Contenu synthétique

Le contenu synthétique désigne tout texte, image, vidéo, audio ou autre matériel informationnel qui a été généré ou modifié de manière significative par un système d’intelligence artificielle (IA), plutôt que capturé ou créé de manière conventionnelle par un humain.

Cette notion recouvre aussi bien les créations entièrement autonomes (ex : une image générée à partir d’une description textuelle) que les manipulations substantielles de contenus préexistants (ex : un deepfake modifiant les propos d’une personne réelle).

Enjeux juridiques

En droit d’auteur (UE et France) : le droit d’auteur protège les œuvres originales qui reflètent la personnalité et les choix libres d’un auteur humain. Les contenus générés de manière purement automatique par une IA sont donc exclus du champ de la protection, car ils ne répondent pas au critère d’originalité humaine.
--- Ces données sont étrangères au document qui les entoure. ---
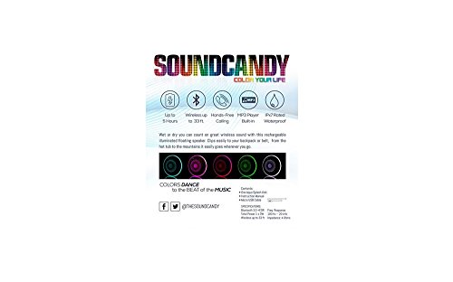 -. Binding : Electronics -. Brand : SoundCandy -. EAN : 0814092020279 -. Feature : Bring it to the beach, hiking, or even snowboarding! The SoundCandy AquaSplash powered by LiveLights Technology goes wherever you do! / includes Mp3 player that works with a Micro SD Card, FM Radio and hands free calling. / This Waterproof speaker comes with a clip to attach to your backpack or belt, making this speaker incredibly portable. -. Label : Gluten Free Palace - HPC -. Manufacturer : Gluten Free Palace - HPC -. Model : C3013WHB-BT -. MPN : C3013WHB-BT -. PackageQuantity : 1 -. PartNumber : C3013WHB-BT -. ProductGroup : CE -. ProductTypeName : PORTABLE_AUDIO -. Publisher : Gluten Free Palace - HPC -. Studio : Gluten Free Palace - HPC -. Title : SoundCandy C3013WHB-BT Aqua Splash Speaker -. UPC : 814092020279

Rôle de l’intervention humaine : un contenu créé avec l’assistance de l’IA peut bénéficier de la protection, à condition qu’un humain exerce un contrôle créatif substantiel (ex : prompts détaillés, choix artistiques, sélection et modification des résultats).

Approches nationales : l’Italie a récemment réaffirmé que le droit d’auteur ne protège que les œuvres résultant d’un effort intellectuel humain, même si l’IA est utilisée comme outil. À l’inverse, l’Ukraine a introduit un régime spécial de 25 ans pour les objets générés par IA sans intervention humaine.

Obligation de transparence (AI Act)

Depuis le 2 août 2026, l’AI Act impose des obligations de transparence strictes pour le contenu synthétique :

Marquage technique : les fournisseurs de systèmes d’IA générative doivent intégrer des marques lisibles par machine (ex : filigrane numérique, métadonnées) permettant de détecter que le contenu est artificiel.

Étiquetage visible : les déployeurs (ex : éditeurs, plateformes) doivent appliquer des labels clairs pour certains contenus sensibles :

Les deepfakes (images, audio, vidéo imitant des personnes ou événements réels) doivent être identifiés comme artificiels.

Les textes publiés sur des sujets d’intérêt public (ex : articles de presse) générés par IA sans relecture humaine doivent être marqués.

Sanctions : le non-respect expose à des amendes allant jusqu’à 15 millions d’euros (ou 3 % du CA mondial).

En synthèse : le contenu synthétique est une création numérique façonnée par l’IA, dont le statut juridique est en pleine construction. Si le droit d’auteur lui refuse la protection en l’absence d’empreinte humaine, l’AI Act lui impose une transparence renforcée pour protéger les citoyens contre la désinformation et les manipulations.